When a Client Asks, “What is Brexit?” Here’s Your Quick Guide

As we discussed in a post on Market Psychology and the Investor Narrative, the markets get very volatile when a new, large and unfamiliar risk surfaces. Brexit, or the possibility that the UK will decide to exit the European Union, is one such risk. Will it happen? Right now opinion polls are roughly 50-50, and market participants are putting the probability at 40-50% of a yes/Brexit vote on the upcoming referendum on June 23, 2016. So, when a client calls and asks for an explanation, here’s your short primer:

Basic points:

  • The European Union consists of 28 member states. Member states give up some political and economic authority in order to benefit from free trade in a market with over $18 trillion in GDP and 500 million people.
  • Note that only 19 of those member states use the Euro as their base currencies – this subset is called the Eurozone. The UK is one that doesn’t (British Pound). See our video here on why many investors have been short the Euro.
  • The UK has been part of the EU since 1973, so the prospect of an exit is a historically big deal.
  • The UK will have a referendum on June 23, 2016 on the question of whether the UK should remain in the EU.

Why now?

  • Critics have argued that the EU brings too much regulation with too many issues, like open borders.
  • The UK Conservative Party promised a referendum after it was elected; they won and scheduled it for June.
  • Public opinion of the benefits of being part of the EU, with anemic growth and a growing migrant crisis, is at a low.

Is Brexit good or bad for the UK?

  • Most economists think it’s bad – some companies might relocate headquarters to the Continent, foreign capital inflows might slow. The UK would need to negotiate new trade treaties with the EU, which could be a lot less favorable than those available to EU members (the prime benefit of EU membership).
  • The markets are concerned: The GBP has already declined close to 10% as fears of a yes vote have risen recently and Goldman Sachs thinks a 20% decline is possible in an exit scenario.
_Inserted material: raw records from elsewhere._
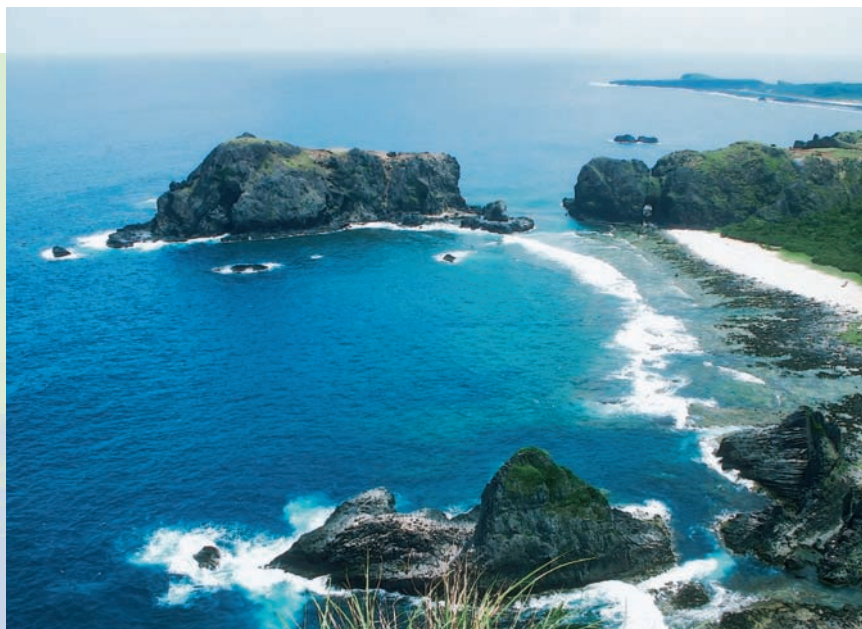
海崖下的睡美人與哈巴狗

生。近年來，隨著交通的改善，以及國民遊憩需求日增，綠島的神秘面紗逐漸褪去，綺麗的風貌，也開始為世人所矚目。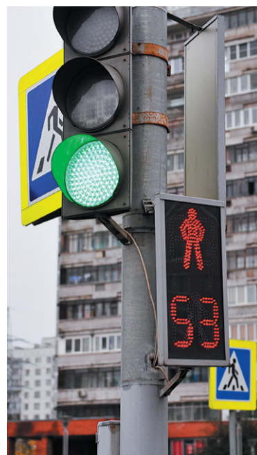
Всё работает. Пробки тоже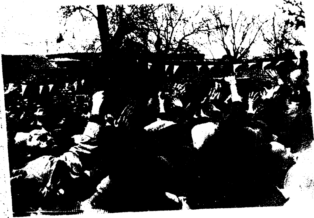
Resim : 5 — Şapkaları ile Mesir Macunu kapışmak isteyen bir grup

Morgan Stanley thinks the FTSE 100 will underperform by 20% with a yes vote.
  • The pro camp thinks fears are overblown and that lifting burdensome EU regulations would boost growth. An EU-less UK, they argue, is an even more attractive place to have your headquarters or invest, and the UK will have no issues negotiating favorable trade deals when German auto companies and French wine manufacturers pressure politicians to keep trade flowing freely.

Will it happen?

  • Too early to tell. Opinion polls last year consistently favored staying, but it’s been close recently. Also, the percentage of “undecided” is high, so campaigns are ramping up to sway the middle.
  • That said, PIMCO puts the probability at 40% today. JPM estimates the fixed income markets think it’s a coin toss.
  • Remember that a yes/Brexit on the referendum would not cause the UK to exit – it presumably would kick start negotiations between the UK and EU on the mechanics, terms, etc. This is uncharted territory.

How does Brexit compare to Grexit?

  • Greece is economically insignificant (1.5%) in the context of the EU economy; the UK is huge (15%, behind only Germany).
  • It’s much easier for the UK to exit – having your own currency is like having one foot out the door.
  • Grexit raised concerns about cascading defaults at banks and then subsequent exits by Portugal, Spain, Italy, etc. Brexit doesn’t create credit risk.
  • Both Grexit and Brexit call into question the whole EU concept. The fear is less about a single country than whether it leads to an unravelling. A Brexit would create a precedent for “strong” EU countries to exit, so attention would turn to Northern European countries.

What happens now?

  • Media coverage should pick up as both pro and con camps build momentum. Updates on polling will be frequent – but remember that polls at this stage are going to be highly unreliable.
  • When experts weigh in, remember that they often have skin in the game. Think of it as listening to two political parties more than a rational debate about the merits.
  • Most large companies will publicly throw their weight behind the no-Brexit camp. There’s little upside for multinationals in a Brexit scenario. US companies have made big investments in placing regional headquarters in the UK as the launching pad into the EU market.
  • The British Pound will be volatile and, if a yes/Brexit vote looks more likely, both the GBP and Euro should be under pressure relative to the US Dollar. Expect people to draw conclusions from small moves – the overall trend is going to be more important than daily noise. If Brexit looks more likely, it’s probably negative for the Euro as well.
  • If opinion polls start leaning toward Brexit, expect a scramble of concessions/negotiations/etc. between the pro-EU forces in the UK and counterparts in the EU – they all have a huge incentive to avoid this outcome.